On May 30, 2013, the SEC provided frequently asked questions and answers as guidance on the disclosure required by Rule 13p-1 of the Securities Exchange Act of 1934, as amended, regarding the use of conflict minerals from the Democratic Republic of the Congo and adjoining countries. These FAQs address application of the Rule to aid in determining whether or not a registrant or one or more of its products fall under the scope of the Rule.
Those required to file
The Rule requires that a registrant file a Form SD if that registrant uses conflict minerals in the functionality or production of a product manufactured or contracted to be manufactured for that registrant. Registrants who solely engage in the process of mining are not considered to be manufacturing these minerals and, therefore, are not required to file a Form SD.
The requirement to disclose the use of conflict minerals applies to all registrants who file reports under the Exchange Act Sections 13(a) or 15(d) and to voluntary filers who file reports pursuant to indenture covenants. Registered investment companies who file reports pursuant to Rule 30d-1 of the Investment Company Act of 1940 are not subject to the requirement.
Products covered by the Rule
Under the Rule, registrants are responsible for reporting the presence of conflict minerals in any product manufactured or contracted to be manufactured by the registrant, including those manufactured or contracted to be manufactured by its consolidated subsidiaries. However, the SEC clarified that merely affixing a logo or other identifier is not sufficient to be considered “contracting to manufacture” the item. Additionally, registrants are encouraged to do a reasonable country of origin inquiry with respect to every single component in their products, as the SEC takes the position that a registrant would be responsible for the presence of conflict minerals in generic parts that it purchases to include in the product, even if they did not contract to manufacture the generic parts.
The SEC explained that product packaging, even if necessary to preserve the usability of the product, is not subject to the Rule. However, the manufacturing and selling of the packaging, if independent of the product itself, would be covered.
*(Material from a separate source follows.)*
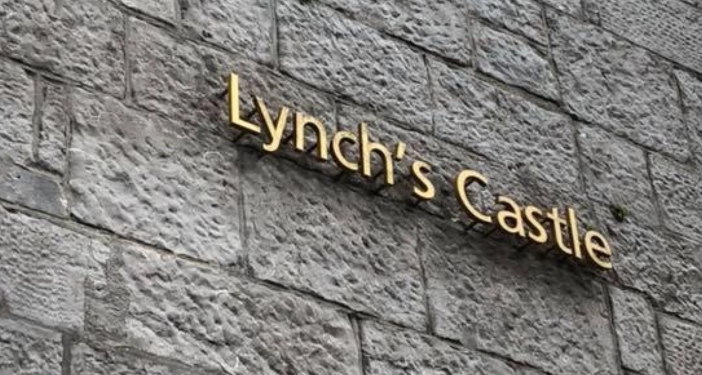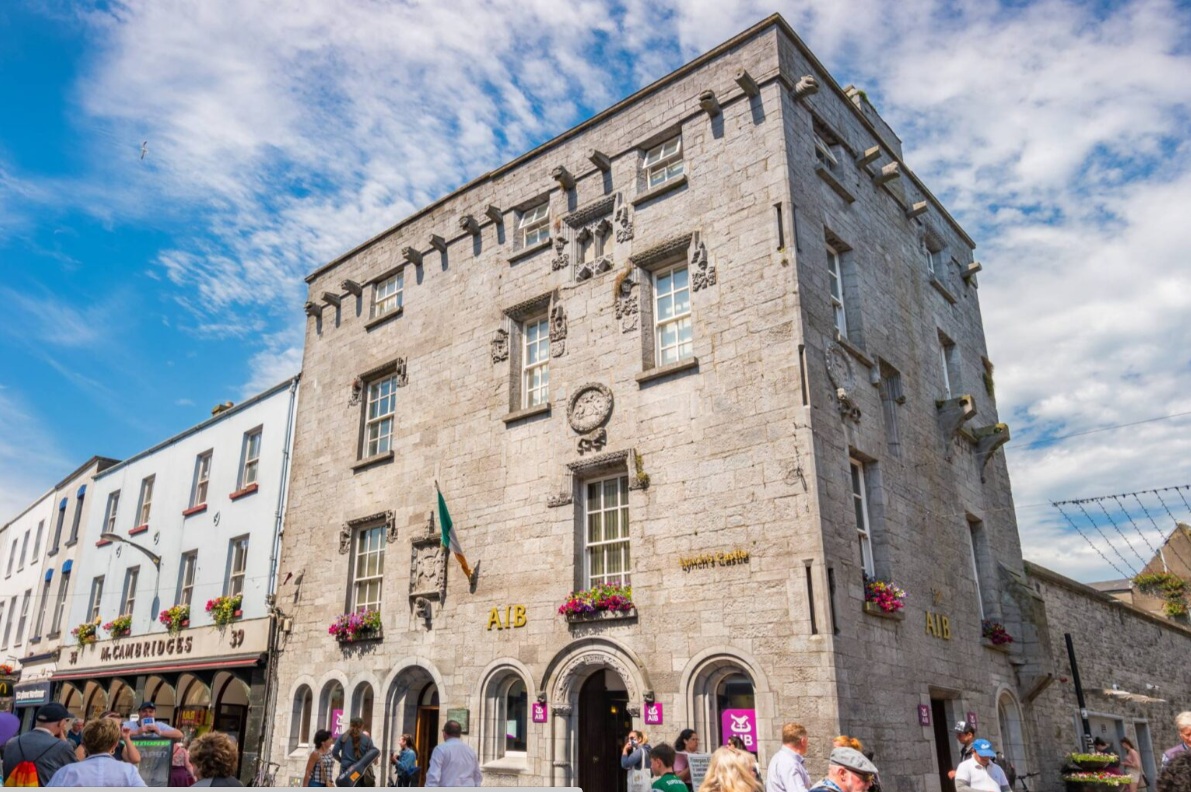 El Castillo de Lynch. No es del todo un castillo. Se trata más bien de una robusta residencia que fue en su día hogar de una de las familias mas poderosas de Galway, los Lynch. Ahora es la sede de un banco. Lo más destacable es la fachada con sus ventanas, escudos y gárgolas.

The SEC stated that registrants that primarily provide a service would not be required to report the presence of conflict minerals in equipment necessary for them to provide their service. The FAQs cite a cruise line whose cruise ship contains conflict minerals as an example of a registrant that would not be required to file a Form SD. Similarly, the tools and machines required to manufacture product are not covered.
In reporting products on Form SD, a registrant is free to describe the product based on available information and industry practice. However, the description with regard to conflict minerals must either be “have not been found to be DRC conflict free’” or “DRC conflict undeterminable.”
For registrants that acquire a company that manufactures or contracts to manufacture products with conflict minerals or such a company conducts an IPO, the registrant can wait until the first reporting calendar year that is more than eight months from the event to begin reporting on Form SD. Failure to file a Form SD will not impact a registrant’s eligibility to use Form S-3.